Исабель допустила несколько непростительных исторических ошибок. Некоторые из них были просто глупые; например, она написала, что в 1917 году в Сан-Хуане продавали «горячие собаки» и что Буэнавентура купил одну, когда сошел на берег с корабля «Святая Дева Ковадонгская». Кинтин снова рассмеялся. Конечно, трудно сказать с точностью, когда в Пуэрто-Рико появились хот-доги, но он был абсолютно уверен, что до Второй мировой войны их еще не было.
Более серьезной ошибкой было утверждать, что немецкие субмарины осадили город во время Первой мировой войны, когда на самом деле это произошло во время Второй мировой войны. Планы фон Тирпица по захвату Пуэрто-Рико никогда не были осуществлены, доклад адмирала по этому вопросу пылился в архивах кайзера Вильгельма II. Немецкие подводные лодки появились в Карибском море только в 1942 году. Но Исабель понадобилось изобрести осаду Пуэрто-Рико в 1918 году, поскольку немецкая блокада служила фоном для развития образа Буэнавентуры как пособника фашистов. Она исказила, причем сознательно, исторические факты, чтобы сделать повествование более увлекательным.
Кинтину не было стыдно читать рукопись жены, которую она прятала; он был убежден, что это его долг. Исабель раскрылась ему с неизвестной стороны, и, кроме того, он переосмысливал историю своей семьи так, как никогда не делал раньше. Была там и правда; Ребека порой чувствовала себя несчастной в браке и, может быть, была бы счастливее, выйди она замуж за такого человека, как Павел. Но делать из этого вывод, что между ними был адюльтер, – нелепость. Это просто фарс, злобная клевета.
Это верно, что Буэнавентура отличался необузданным нравом, присущим всем Мендисабалям, и Кинтину в детстве от него доставалось. Но он был великодушным и ответственным отцом. Со временем Кинтин стал лучше понимать его, а сейчас, когда стал зрелым человеком, то научился ценить его добродетели. Его мать и его отец были и счастливы, и несчастливы в браке, как это бывает со всеми на свете.

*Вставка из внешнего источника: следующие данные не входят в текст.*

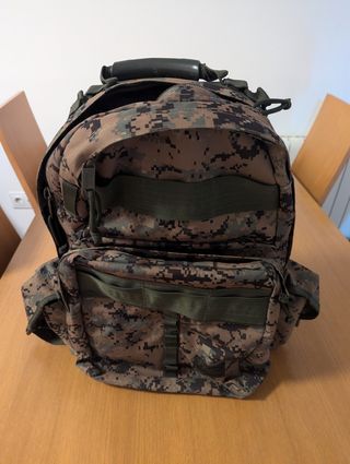 Mochila táctica MARPAT marca TAC Force. Varios bolsillos. Tiene compartimento para bolsa de hidratación. De unos 35/40 litros de capacidad. Medidas: 48cm alto x 25cm profundo x 30cm ancho (50cm contando bolsillos laterales inferiores)

Дойдя до того места в главе восьмой, где описывался танец Саломеи, Кинтин похолодел. Ребека, танцующая обнаженной на террасе, чтобы развлечь своих друзей, – нечто, чему он никогда не был свидетелем в детстве. Читать такое было страшно огорчительно. Его мать была утонченной натурой, как духовно, так и физически, но она не была аморальной. Ребека была очень умна; она обладала поэтическим талантом, и ее литературный салон приобрел большую известность в Сан-Хуане в двадцатые и тридцатые годы. Но когда родился Кинтин, Ребека оставила творчество и всю себя посвятила сыну. Никогда такого не было, чтобы она отсылала его в нижний этаж, как утверждала Исабель. Наверняка это Петра распустила подобные сплетни, потому что терпеть не могла Ребеку.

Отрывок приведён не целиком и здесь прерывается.